Au XVIIe siècle, Molière, dans Le Bourgeois gentilhomme, se moque du vocabulaire ésotérique de la logique d'Aristote et des scolastiques, trop rébarbatif, ainsi que de ceux qui n'y comprennent rien :
Le Bourgeois gentilhomme (acte II, scène IV) —
Qu’est-ce que c’est que cette logique ?
C’est elle qui enseigne les trois opérations de l’esprit.
Qui sont-elles, ces trois opérations de l’esprit ?
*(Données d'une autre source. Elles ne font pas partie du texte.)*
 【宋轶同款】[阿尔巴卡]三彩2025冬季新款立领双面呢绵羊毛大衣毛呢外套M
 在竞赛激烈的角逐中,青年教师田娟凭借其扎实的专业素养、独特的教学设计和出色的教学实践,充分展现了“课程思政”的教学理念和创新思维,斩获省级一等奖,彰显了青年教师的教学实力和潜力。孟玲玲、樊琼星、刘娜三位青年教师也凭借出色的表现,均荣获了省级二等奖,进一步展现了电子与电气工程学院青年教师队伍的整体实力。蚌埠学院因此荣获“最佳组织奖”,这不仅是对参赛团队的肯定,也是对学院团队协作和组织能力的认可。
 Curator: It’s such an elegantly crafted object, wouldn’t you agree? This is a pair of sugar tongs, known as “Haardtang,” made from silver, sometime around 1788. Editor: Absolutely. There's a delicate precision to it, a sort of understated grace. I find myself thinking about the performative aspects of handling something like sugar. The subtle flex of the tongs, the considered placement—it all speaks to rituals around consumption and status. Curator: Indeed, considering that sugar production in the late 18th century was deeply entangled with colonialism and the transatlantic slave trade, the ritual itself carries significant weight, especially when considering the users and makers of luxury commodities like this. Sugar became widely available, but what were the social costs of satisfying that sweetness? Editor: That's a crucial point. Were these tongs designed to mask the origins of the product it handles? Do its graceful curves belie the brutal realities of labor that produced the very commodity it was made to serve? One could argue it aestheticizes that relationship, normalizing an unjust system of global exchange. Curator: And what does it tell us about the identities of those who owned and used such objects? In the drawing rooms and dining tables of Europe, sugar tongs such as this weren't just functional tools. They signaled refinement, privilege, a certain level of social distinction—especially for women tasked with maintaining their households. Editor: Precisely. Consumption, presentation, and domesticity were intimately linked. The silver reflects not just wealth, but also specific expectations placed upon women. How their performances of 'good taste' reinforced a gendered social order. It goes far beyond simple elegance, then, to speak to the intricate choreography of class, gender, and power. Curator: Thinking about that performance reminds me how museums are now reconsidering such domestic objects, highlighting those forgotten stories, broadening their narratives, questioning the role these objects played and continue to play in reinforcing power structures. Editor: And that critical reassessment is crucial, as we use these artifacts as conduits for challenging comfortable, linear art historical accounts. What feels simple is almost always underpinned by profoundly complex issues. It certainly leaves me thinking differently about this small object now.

La première, la seconde, et la troisième. La première est de bien concevoir par le moyen des universaux. La seconde, de bien juger par le moyen des catégories ; et la troisième, de bien tirer une conséquence par le moyen des figures barbara, celarent, darii, ferio, baralipton, etc.
Voilà des mots qui sont trop rébarbatifs. Cette logique-là ne me revient point. Apprenons autre chose qui soit plus joli.
Dans un même temps, Molière met dans la bouche de Don Juan : Je crois que deux et deux sont quatre, Sganarelle, et que quatre et quatre sont huit. La mathématique y devient, ironiquement, le fondement de l'athéisme.
Gustave Flaubert, dans une lettre à sa sœur[9], singe les problèmes faussement concrets posés aux écoliers du XIXe siècle : « Puisque vous étudiez la géométrie et la trigonométrie, je vais vous soumettre un problème : un bateau vogue sur l'Océan. Il a quitté Boston avec un chargement de laine. Il jauge 200 tonneaux. Il se dirige vers Le Havre. Le grand mât est cassé, le garçon de cabine est sur le pont, il y a douze passagers à bord. Le vent souffle E-NE. L'horloge marque 3h 1/4. On est au mois de mai. Quel est l'âge du capitaine ? » Ce problème est insoluble, les données nombreuses étant insuffisantes. L'expression l'« âge du capitaine » est restée célèbre[10].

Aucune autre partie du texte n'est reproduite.